Funny Games (Österreich 1997, Michael Haneke) (DVD)

Ich habe den Film heute noch zwei Mal gesehen und meine nun, nicht nur sein ästhetisch-ontologisches Konzept verstanden zu haben, sondern auch einer zentralen These der Haneke-Diskursmaschine widersprechen zu können: Seine Täter haben durchaus ein Motiv. Dieses Motiv verbirgt sich jedoch nicht in der Erzählung des Films, sondern jenseits seiner Grenzen (wörtlich: vor dem Beginn und nach dem Ende) und in der Genregeschichte des Thrillers und des Serienmörderfilms.

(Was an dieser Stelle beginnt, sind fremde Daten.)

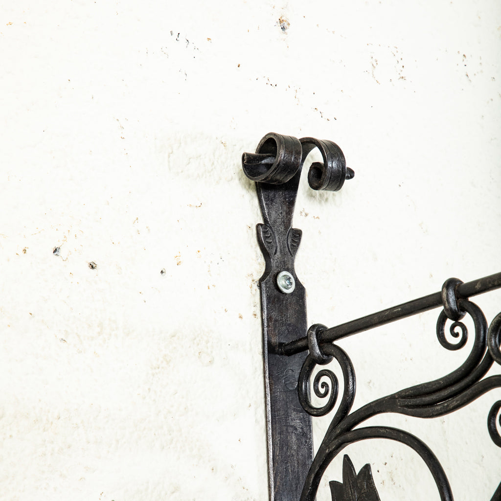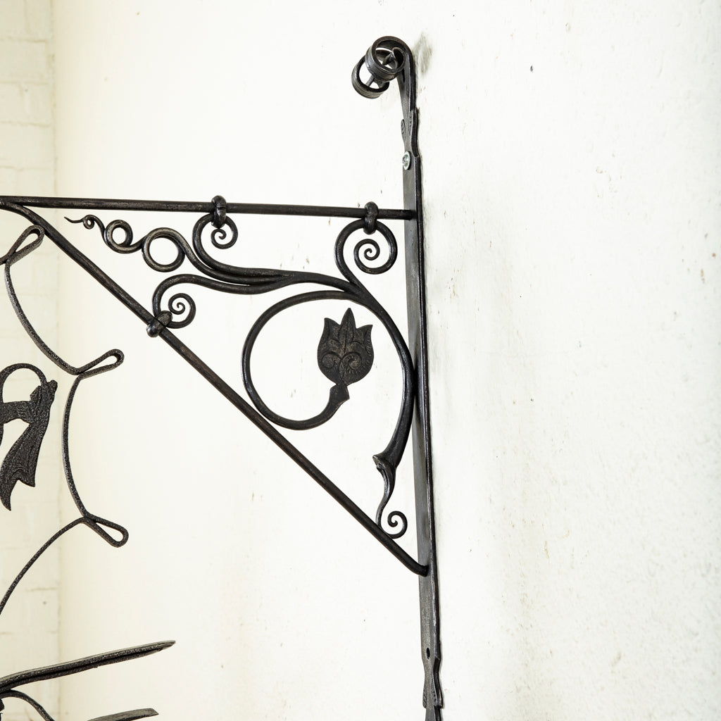Hand forged iron sign with bracket, c. 1890. Originally hung outside a lady's dress shop. 19" H X 3" W X 19.5" D
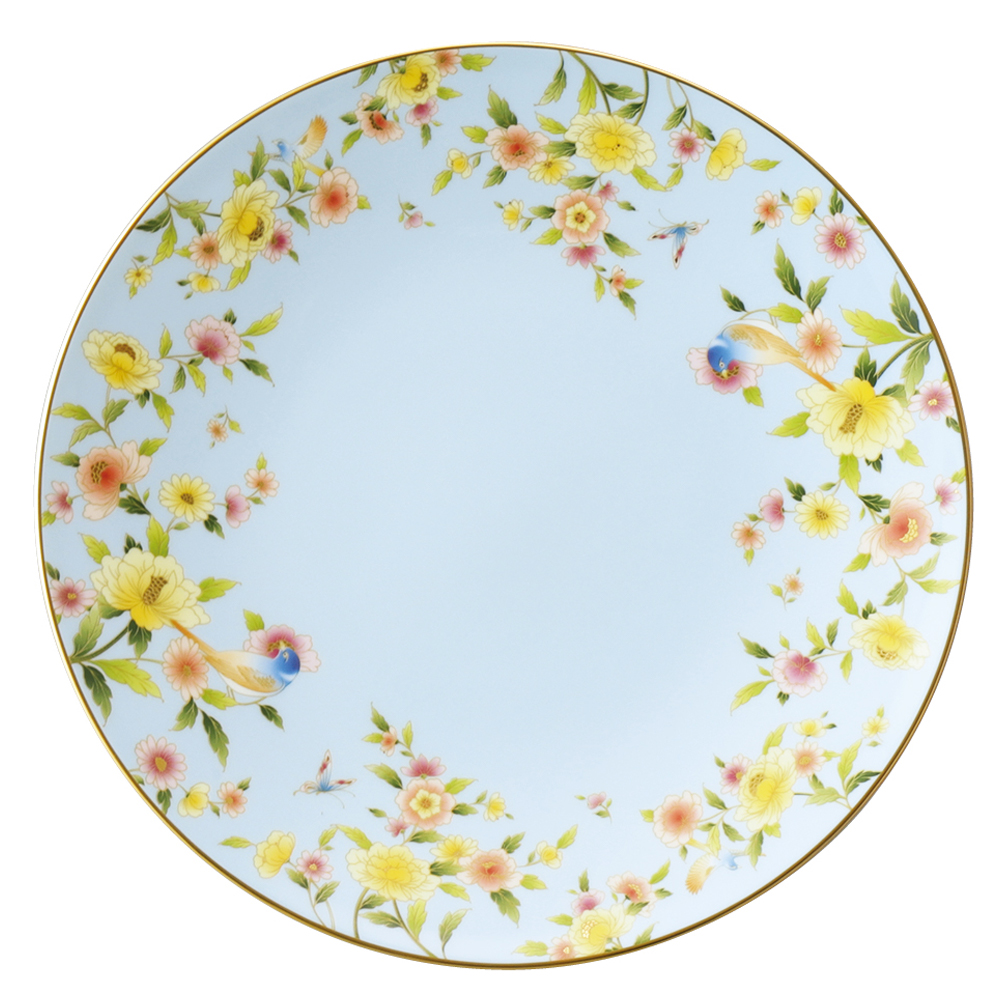 【ラマージュ】はデザイナーが旅をして見た数々の庭園と想像上の庭園風景が重なりあって生まれました。さわやかなブルーカラーをバックに、幸福を運ぶと言われる青い鳥や、新しい出会いや変化の訪れを表す蝶が飛び交い、鳥たちの歌や花々の香りがテーブルから立ち上がってくるようなコレクションです。
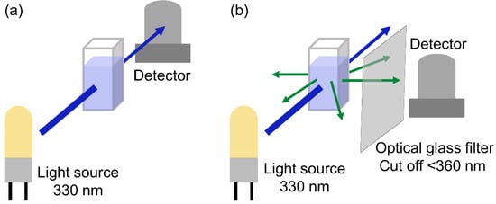 Conceptual drawing of the construction of meter for absorbance measurement (a) and fluorescence measurement (b).
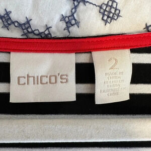 Chico black and white striped peplum blouse top soft Classic size 2 L 12/14
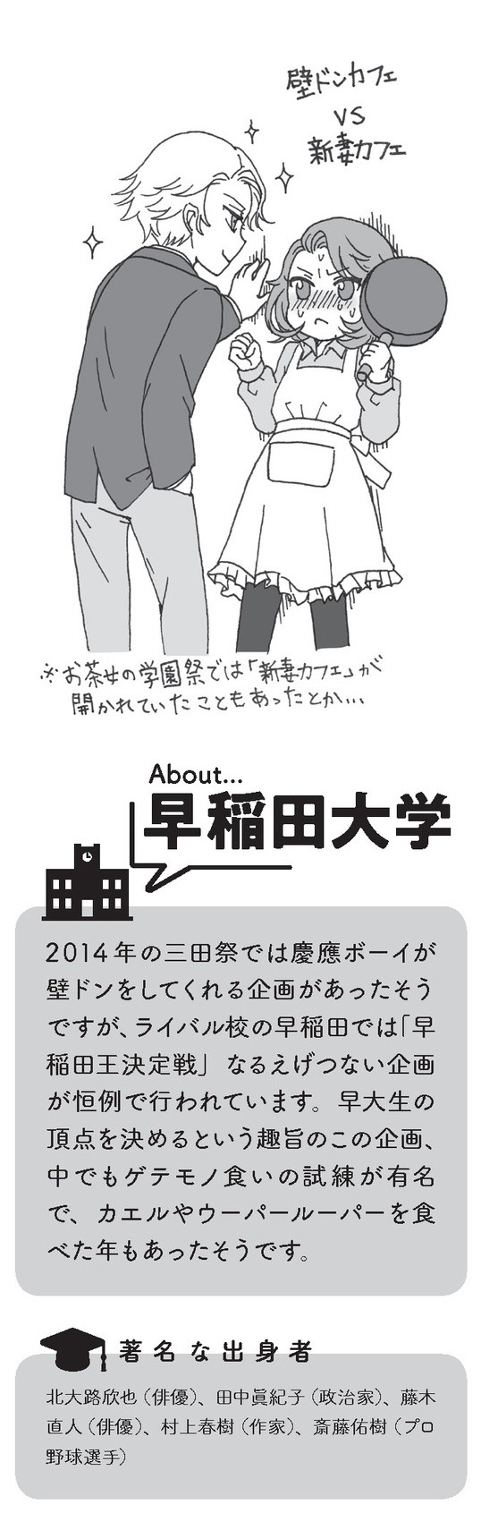 どの大学がどんな“クセ”を持つ? 首都圏・関西の国公立から私立、旧帝・理系・女子大・芸術大まで計70校をユニークに擬人化。ブログで話題を呼んだ連作が大幅加筆&描き下ろし多数で待望の書籍化。志望校や出身校の“あるある”を探してみよう!学風や学部、学食、キャンパス事情まで全方位の“あるある”ネタ満載。受験生も卒業生も楽しめる読み応えの一冊。

An beide schließt „Funny Games“ an (und ohne sie wäre er eigentlich sogar völlig unverständlich).

Hätten die Täter kein Motiv, wären es lediglich mordlüsterne Bestien, medienverdorben und wohlstandsverwöhnt, müsste man, nachdem man so sehr mit ihren Opfern mitzuleiden gezwungen wurde, den Schluss ziehen, Haneke wolle hier auf einen „kurzen Prozess mit solchen Tätern“ hinaus, auf eine Rechtssprechung, die sich für Gründe (und seien sie eben nach bürgerlichen Moralvorstellungen „nicht verstehbar“) nicht interessiert und solche Täter lieber entgültig weg als verstanden/kuriert hätte. Sicherlich eine Rachejustiz, die sich nur ein Faschist wünschen könnte.

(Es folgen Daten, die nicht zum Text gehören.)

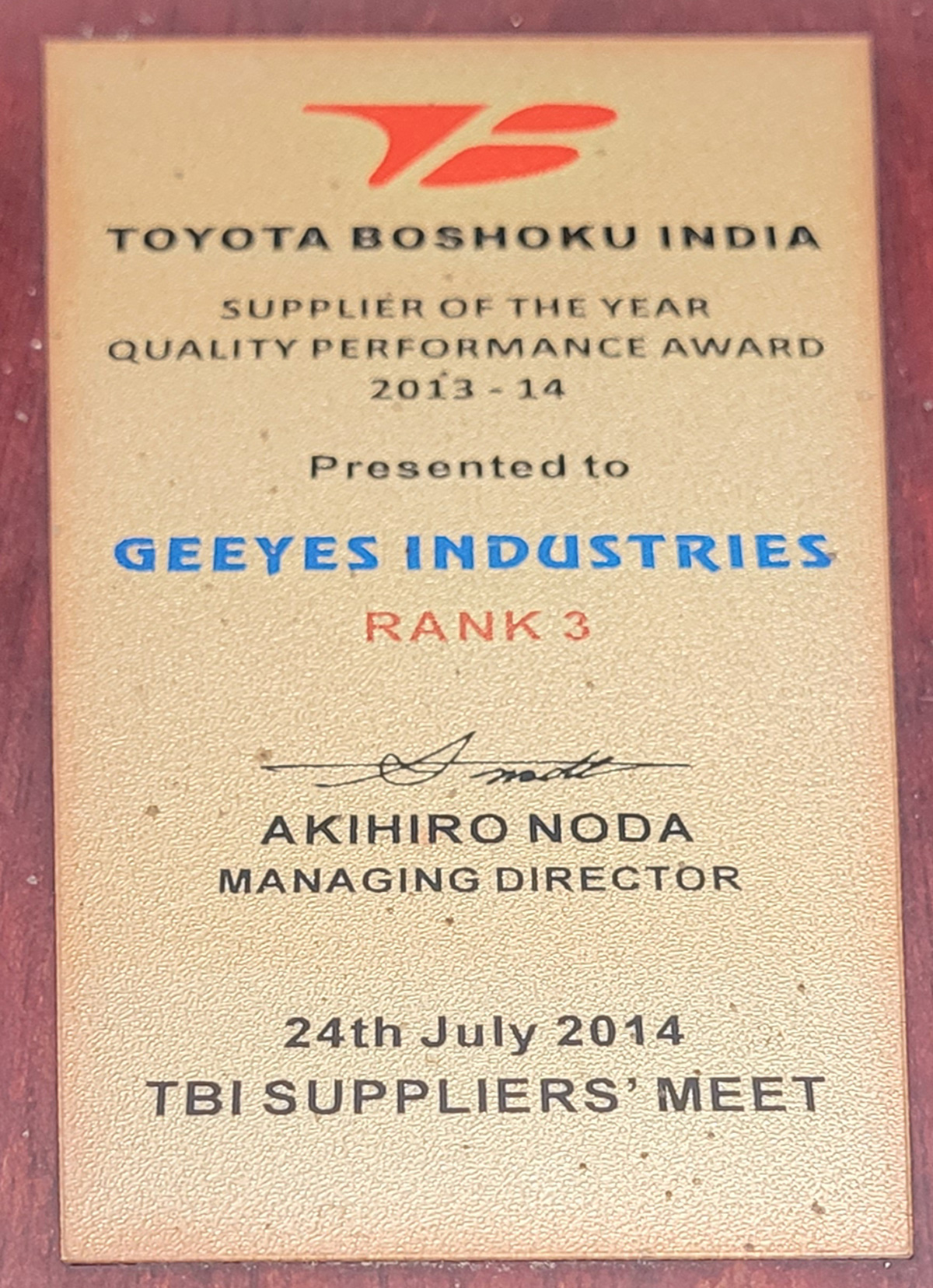 We have received the Best supplier award in 2019 from M/s Rane TRW for the category of NEW PRODUCT DEVELOPMENT.
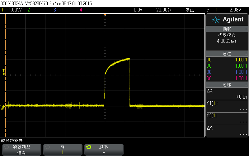 下图是修改信号线路上连接到地的电容,将容值减小,信号在1v拉升后,较之前能稍微快速恢复电平

Könnte man aber nicht behaupten, daß gerade in der Serialität ein Akt der Willkür und die schiere Lust am Foltern sich abzeichnet. Die Wahl der Opfer ist schließlich nur durch deren gesellschaftlichen Rang bestimmt, bleibt aber innerhalb dessen dem Zufall, oder besser dem „Spiel“ überlassen. Andererseits könnte gerade auch der Faktor der Lust ein hinreichendes, wenn auch kaum nachvollziehbars Motiv darstellen, denkt man beispielsweise an Lautréament oder de Sade, deren Philosophien ein gegenaufklärerisches Gepräge haben.
Serialität und Willkür schließen schon einander aus. So steht’s schon bei Eco.
Nein, es gibt keinen Mord ohne Motiv; selbst wenn jemand behauptet, ohne Motiv gemordet zu haben, hatte er das als Motiv.
habe ich auch beides nicht behauptet.
1. das der rahmen in dem die morde stattfinden nicht willkürlich ist, ist ein gemeinplatz, die wahl der opfer entspringt aber doch eher dem zufall (beispiel: die nachbarn, die mit dem Boot vorbei fahren, werden die nächsten Opfer…das klingt doch sehr willkürlich).
2. ich spreche nicht von einem fehlen des motivs… das das motiv außerhalb der eigentlichen tat angesiedelt werden muß ist klar…, sondern davon, daß das motiv verschleiert wird um den disskurs zu motivieren…das wäre doch gerade beim „vermeindlichen“ Lustmord der Fall.
Hat nicht alles und jeder irgendwie ein Motiv?
zu 1.: Nö, die Nachbarn sind grundsätzlich die Opfer. Das waren sie ja schon vorher – es ist eben nur egal, wer die Nachbarn sind.
zu 2.: schon klar. Sprächen wir hier nicht von einem Film, in dem die Täter keine Biografie besitzen, sondern von Menschen, ließe sich nach deren Verhaftung schon ein Motiv finden. Und selbst im Film haben sie ein Motiv – es ist eben nur extradiegetisch: „Meine Täter haben kein Motiv, um den Zuschauer zu beunruhigen.“ (Haneke) Wenn das kein handfestes Tatmotiv ist. 😀
Ist ein interessanter Punkt….zumal Paul und Peter sich ja auch immer wieder konkret an das Publikum richten.